The Durk Pearson & Sandy Shaw®
Life Extension NewsTM
Volume 19 No. 3 • April 2016


In economics, the difference between the preference for a small but certain reward (risk-averse) and preference for a larger but uncertain reward (risk-seeking) is an area of intensive study. (See, for example, MacKillop, 2013) Now, economists have extended the reach of their investigations to look at genetic and neurological correlates for these preferences, a new economic/scientific field called Behavioral Economics. As the author of a recent paper (MacKillop, 2013) says, “[t]here is growing interest in genetic influences on discounting and, in particular, the prospect of discounting as an endophenotype for addictive disorders...” Discounting is the way one adjusts his present valuation of a future reward based on the risk inherent in a delayed reward. It is the reason that you charge INTEREST when you loan money—the money is more valuable in your hands TODAY than the hypothetical possession of it sometime in the future. Delayed reward discounting is defined in one paper (MacKillop, 2013) as “how much a reward loses value based on its distance in the future.” This is also the Austrian School of Economics’ concept of time preference.

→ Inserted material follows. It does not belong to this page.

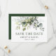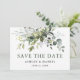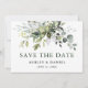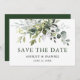 Anúncio de Noivado de Casamento com Molerce Botânico Moderno Elegante Aquarela Salva o Cartão de Data inclui folhas de eucalipto, folhagem botânica verde, folhas azuis empoeiradas e outras lindas culturas botânicas. Texto verde.

The term “endophenotype” simply means the expression of a particular genetic trait, in this case the preference for risk-aversion or risk-seeking. The DRD2 gene has been strongly supported as being involved in this preference (Zalocusky, 2016), with low levels of DRD2 activity associated in humans with risk-seeking behavior. The low levels of DRD2 can lead to addictive behaviors as individuals seek to increase dopamine release in the brain’s reward circuitry by engaging in these behaviors.

The researcher (MacKillop, 2013) thinks of the risk-seeking phenotype as “impulsive discounting.” He states his hypothesis: “...although not definitive, there is accumulating support for the hypothesis of impulsive discounting as an endophenotype for addictive behavior and a need for further systematic investigation.”

An early study of “impulsive discounting” was the famous marshmallow tests, where children had to decide whether to consume a second marshmallow (after eating one) or wait to receive yet another marshmallow. The children who waited were in later life seen to have higher educational and other life achievements; this trait continued for decades. Those who did not wait were more likely to misuse drugs at older ages.


  • MacKillop. Integrating behavioral economics and behavioral genetics: delayed reward discounting as an endophenotype for addictive disorders. J Exp Anal Behav. 99(1):1-25 (Jan. 2013).
  • Zalocusky. Nucleus accumbens D2R cells signal prior outcomes and control risky decision-making. Nature. doi:10.1038/nature17400 (2016).